А вот что я в Чернигове делал: коней диких своими руками связал я в пущах десять и двадцать, живых коней, помимо того, что, разъезжая по равнине, ловил своими руками тех же коней диких. Два тура метали меня рогами вместе с конем, олень меня один бодал, а из двух лосей один ногами топтал, другой рогами бодал; вепрь у меня на бедре меч оторвал, медведь мне у колена потник укусил, лютый зверь вскочил ко мне на бедра и коня со мною опрокинул. И Бог сохранил меня невредимым. И с коня много падал, голову себе дважды разбивал и руки и ноги свои повреждал в юности своей повреждал, не дорожа жизнью своею, не щадя головы своей.
Еже было творити отроку моему[181], то сам есмь створилъ, дѣла на войнѣ и на ловѣхъ, ночь и день, на зною и на зимѣ[182], не дая собѣ упокоя[183]. На посадники не зря, ни на биричи[184], сам творилъ, что было надобѣ, весь нарядъ, и в дому своемь то я творилъ есмь. И в ловчих ловчий нарядъ сам есмь держалъ, и в конюсѣх, и о соколѣхъ и о ястребѣх[185].

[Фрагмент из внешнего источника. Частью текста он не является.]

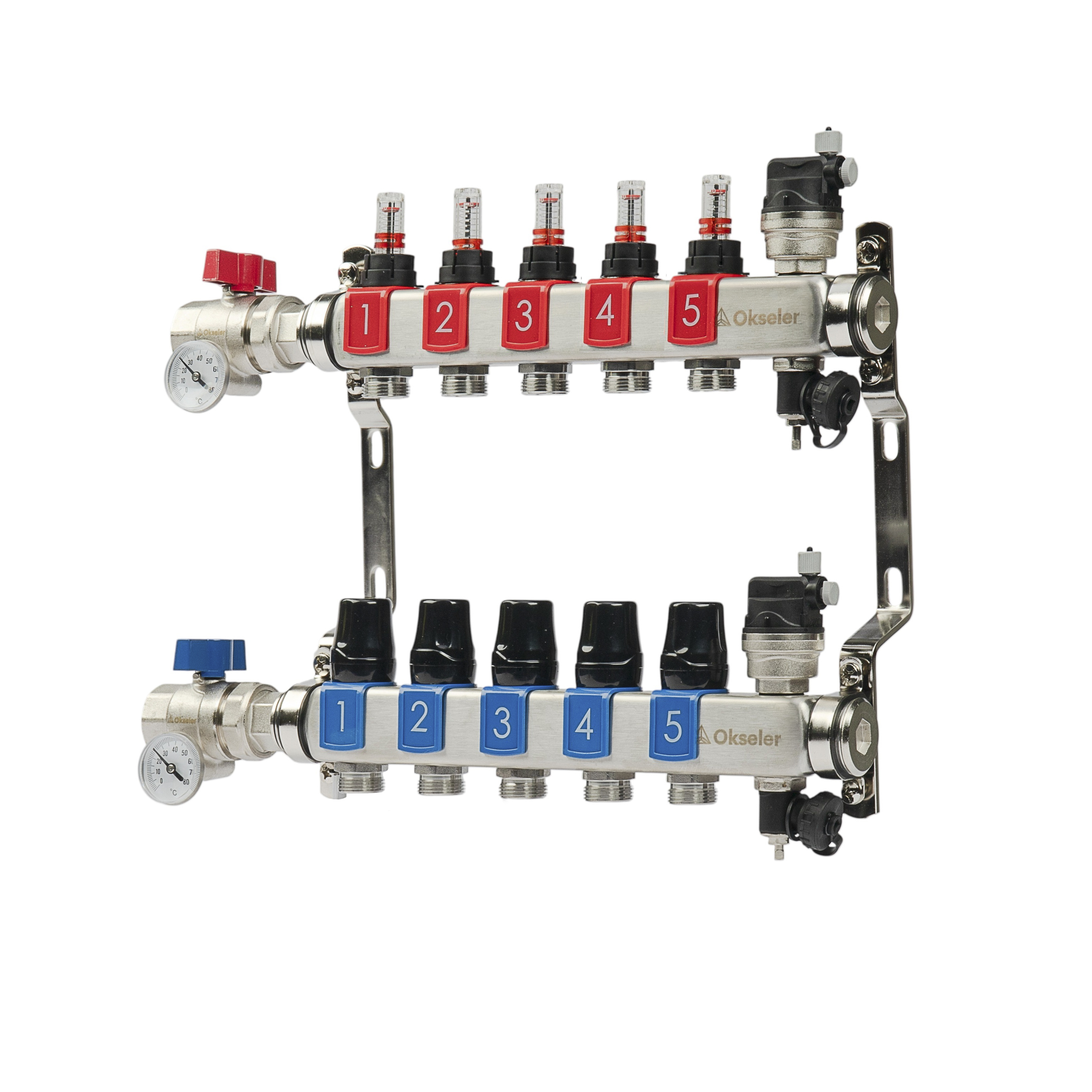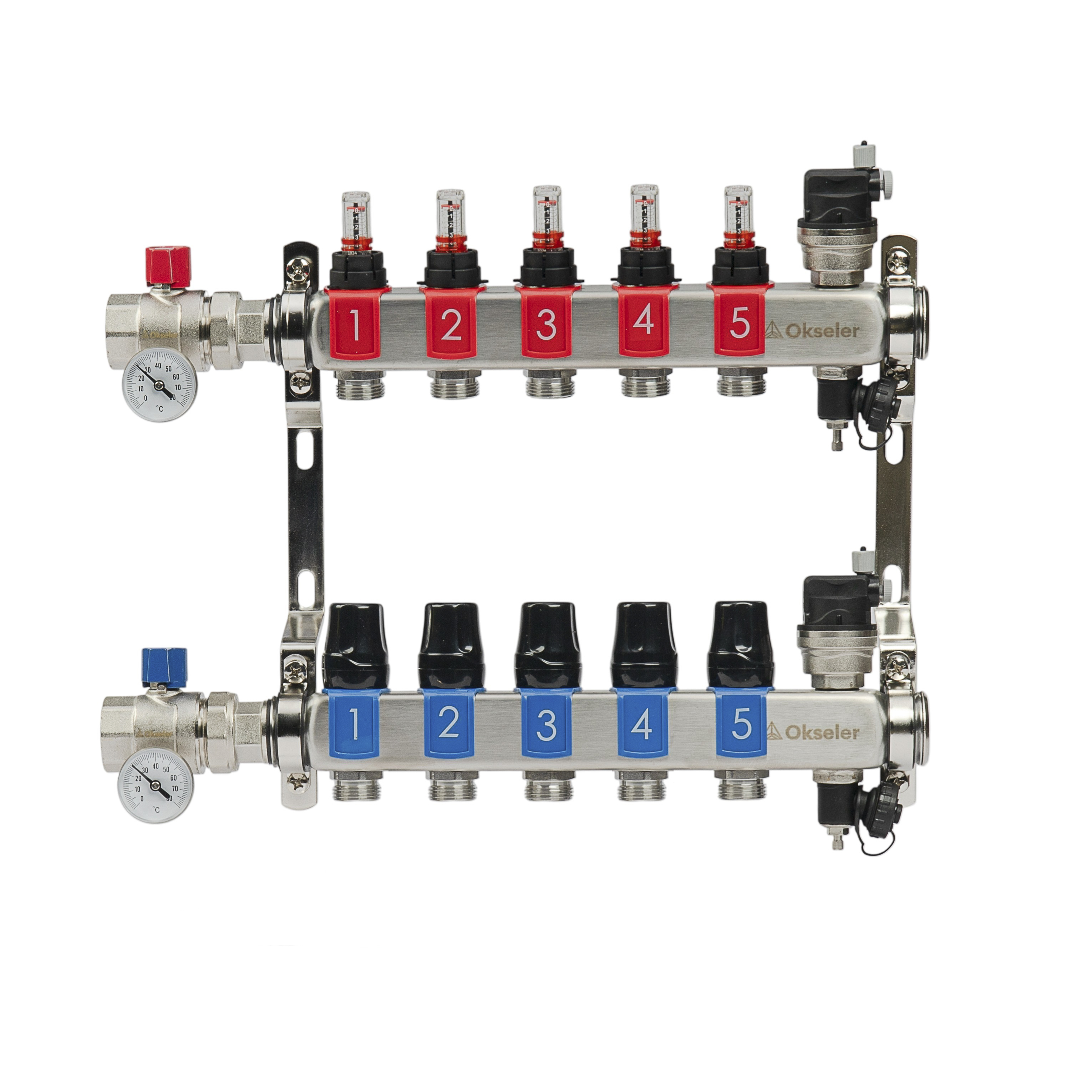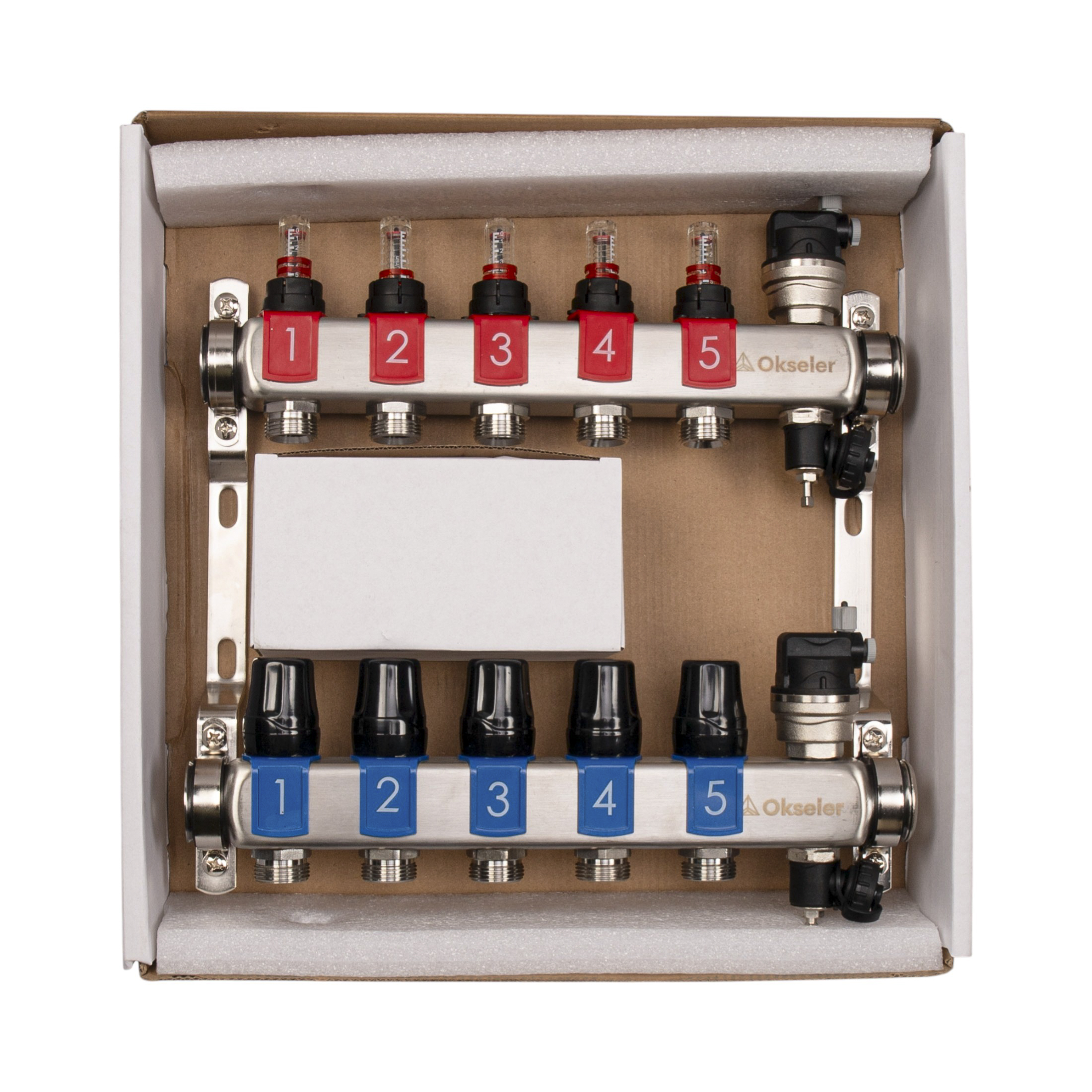 Коллекторный блок OKSELER на 5 выхода с расходомерами и автоматическими воздухоотводчиками — надежное решение для систем отопления и теплых полов. Обеспечивает контроль расхода и температуры теплоносителя, простоту монтажа и обслуживания, а также долговечность благодаря нержавеющей стали AISI 304.
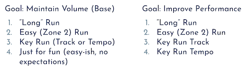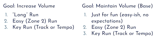 Once you move beyond two runs per week, we can start to work more intentionally with volume, performance, and overall balance. With three runs per week, I break training into two broad categories: increasing volume or performance, and maintaining volume.
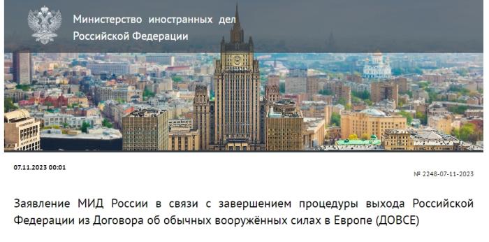 當(dāng)?shù)貢r(shí)間11月7日,俄羅斯外交部發(fā)布關(guān)于俄羅斯完成退出《歐洲常規(guī)武裝力量條約》程序的聲明。圖片來源:俄羅斯外交部網(wǎng)站
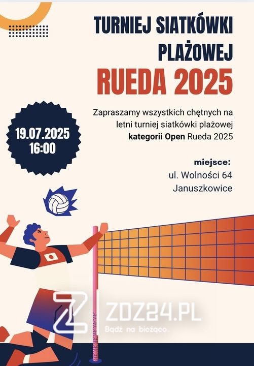 W sobotę 19 lipca 2025 r. o godzinie 16:00 na terenie obiektu Rueda przy ul. Wolności 64 w Januszkowicach odbędzie się turniej siatkówki plażowej kategorii Open – RUEDA 2025.
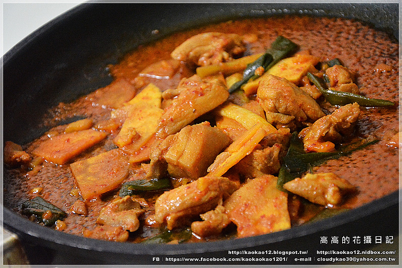 《韓式辣雞》是使用去骨去皮的雞腿肉,再加入地瓜片、辣椒、大蒜、蔥、
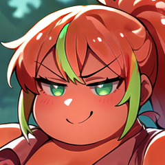 Physical Prompts 1girl, solo, red hair, streaked hair, green highlights, ponytail, long hair, bangs, green eyes, asian, (dark skin:1.2), gyaru

Что надлежало делать отроку моему, то сам делал на войне и на охотах, ночью и днем, в жару и стужу, не давая себе покоя. На посадников не полагаясь, ни на биричей, сам делал, что было надо; весь распорядок и в доме у себя также сам устанавливал. И у ловчих охотничий распорядок сам устанавливал, и у конюхов, и о соколах и о ястребах заботился.
Тоже и худаго смерда и убогыѣ вдовицѣ не далъ есмь силным обидѣти, и церковнаго наряда и службы сам есмъ призиралъ.
Также и бедного смерда и убогую вдовицу не давал в обиду сильным и за церковным порядком и за службой сам наблюдал.
Да не зазрите ми, дѣти мои, ни инъ кто, прочетъ, не хвалю бо ся ни дерзости своея, но хвалю Бога и прославьляю милость Его, иже мя, грѣшнаго и худаго, селико лѣт сблюд от тѣхъ часъ смертныхъ, и не лѣнива мя былъ створилъ, худаго, на вся дѣла человѣчьская потребна. Да сю грамотицю прочитаючи, потъснѣтеся на вся дѣла добрая, славяще Бога с святыми Его. Смерти бо ся, дѣти, не боячи, ни рати, ни от звѣри, но мужьское дѣло творите, како вы Богъ подасть. Оже бо язъ от рати, и от звѣри, и от воды[186], от коня спадаяся, то никтоже вас не можеть вредитися и убити, понеже не будет от Бога повелѣно. А иже от Бога будет смерть, то ни отець, ни мати, ни братья не могуть отъяти, но аче добро есть блюсти, Божие блюденье лѣплѣѣ есть человѣчьскаго.
Не осуждайте меня, дети мои или другой, кто прочтет: не хвалю ведь я ни себя, ни смелости своей, но хвалю Бога и прославляю милость Его за то, что Он меня, грешного и худого, столько лет оберегал от тех смертных опасностей, и не ленивым меня, дурного, создал, на всякие дела человеческие годным. Прочитав эту грамотку, постарайтесь на всякие добрые дела, славя Бога со святыми Его. Смерти ведь, дети, не боясь, ни войны, ни зверя, дело исполняйте мужское, как вам Бог пошлет. Ибо, если я от войны, и от зверя, и от воды, и от падения с коня уберегся, то никто из вас не может повредить себя или быть убитым, пока не будет от Бога повелено. А если случится от Бога смерть, то ни отец, ни мать, ни братья не могут вас отнять от нее, но если и хорошее дело остерегаться самому, то Божие сбережение лучше человеческого.